How to get the characters from a UTF-8 string?

Question

char *w = "Artîsté";
printf("%lu\n", strlen(w));
int z;
for(z=0; z<strlen(w); z++){
    //printf("%c", w[z]);  //prints as expected
    printf("%i: %c\n", z, w[z]);//doesn't print anything
}

If I run this, it fails at the î. How do I print a multibyte char and how do I know when a I've hit a multibyte character?

Answer 1

You can use mbtowc in order to convert multi-byte character string into a wide character. This function also returns the number of bytes read, therefore you can advance the string:

setlocale(LC_ALL, "");

wchar_t c;
char *s = "Artîsté";

mbtowc (NULL, NULL, 0); // reset

while (*s)
{
  s += mbtowc(&c, s, MB_CUR_MAX);
  printf("%lc\n", c);
}

Reference: mbtowc

Answer 2

Use the wide char and multi-byte functions:

int utf8len(char *str)
{
    int len, inc;

    // mblen(NULL, 0) is needed to reset internal conversion state
    for (len = 0, mblen(NULL, 0); *str; len++, str += inc)
        if ((inc = mblen(str, MB_CUR_MAX)) < 0)
            return inc;

    return len;
}

int main()
{
    setlocale(LC_ALL, "");
    char *w = "Artîsté";
    printf("%lu\n", strlen(w));

    int z, len = utf8len(w);
    wchar_t wstr[len+1];
    mbstowcs(wstr, w, len);
    for(z=0; z<len; z++)
        printf("%i: %lc\n", z, wstr[z]);
}

You got lucky with the first printf, because you never changed the data, once you split up the chars, your output was no longer utf8.

Answer 3

If your execution environment uses UTF-8 (Linux, for example), your code will work as-is, as long as you set a suitable locale, as in setlocale(LC_ALL, "en_US.utf9"); before calling that printf.

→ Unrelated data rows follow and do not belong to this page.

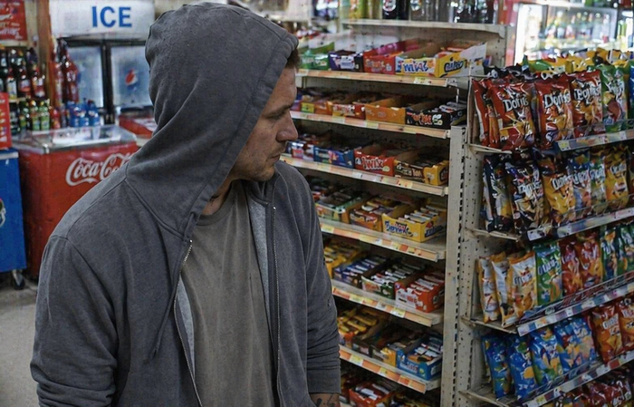 Les faits se déroulent en plein après-midi, dans une petite épicerie presque vide. Vers 14 heures, un individu à l’allure inquiétante franchit la porte. Capuche grise tirée bas sur le visage, bras couverts de tatouages, regard lourd et calculateur. Tout, chez lui, inspire la méfiance.Il avance lentement entre les rayons, feignant de chercher quelque chose. Mais très vite, son attention est attirée par une scène inhabituelle derrière le comptoir.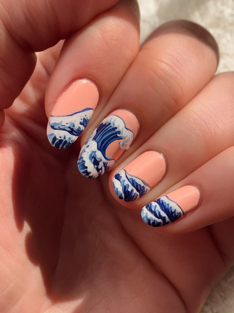 With painterly waves crashing over a peachy backdrop, this art piece is clearly inspired by classic Japanese woodblock prints. Ideal for lovers of refined detail, this manicure celebrates the dramatic force of water while staying wearable. It feels like carrying a pocket-sized canvas of the sea—elegant, edgy, and culturally rich.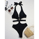 Dive into summer with this striking V-neck cut out halter monokini. The bold halter neckline and strategic cut-outs create a modern, fashion-forward silhouette that flatters and turns heads. Designed for confident swimmers and beach lovers, this one-piece combines style with comfort. Perfect for poolside lounging, beach days, or making a statement at your next vacation. The sleek design offers support while showcasing your personal style.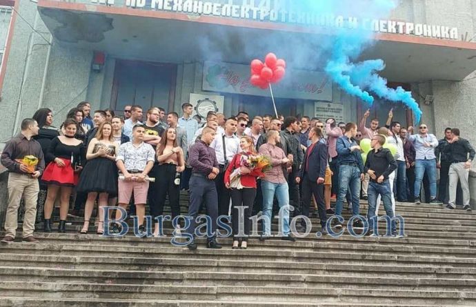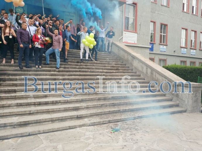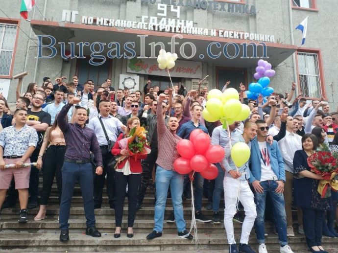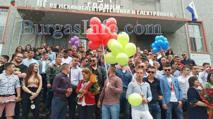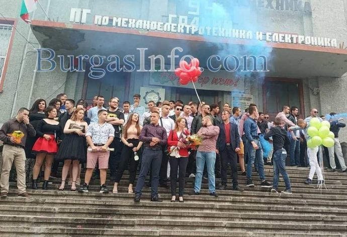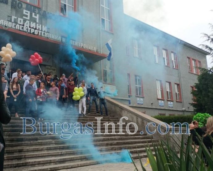 Същински екшън разиграха абитуриентите от Професионалната гимназия по механоелекктротехника и електроника в Бургас, известна като Механото. Изпращането им се състоя на стълбите пред гимназията, която се намира на възловия бул. „Стефан Стамболов“. Сини димки, хвърлени на плочките и в градинките оцветяваха скандиранията „1,2,3...12“. Димната завеса скри за кратко церемонията. В съчетание се чуваше и трошене на бутилки шампанско, които след като бяха отворяни и изпивани, политаха встрани от стълбите, във всевъзможни посоки. Бурните емоции на младежите бяха съпроводени и от мощни свирки като на футболни рефери и викове „Само Левски“.

demo: http://ideone.com/zFUYM

Otherwise, your best bet is probably to convert to wide string and print that. If you plan on doing something other than I/O with the individual characters of that string, you will have to do it anyway.

As for hitting a multibyte char, the portable way to test is if mblen() returns a value greater than 1.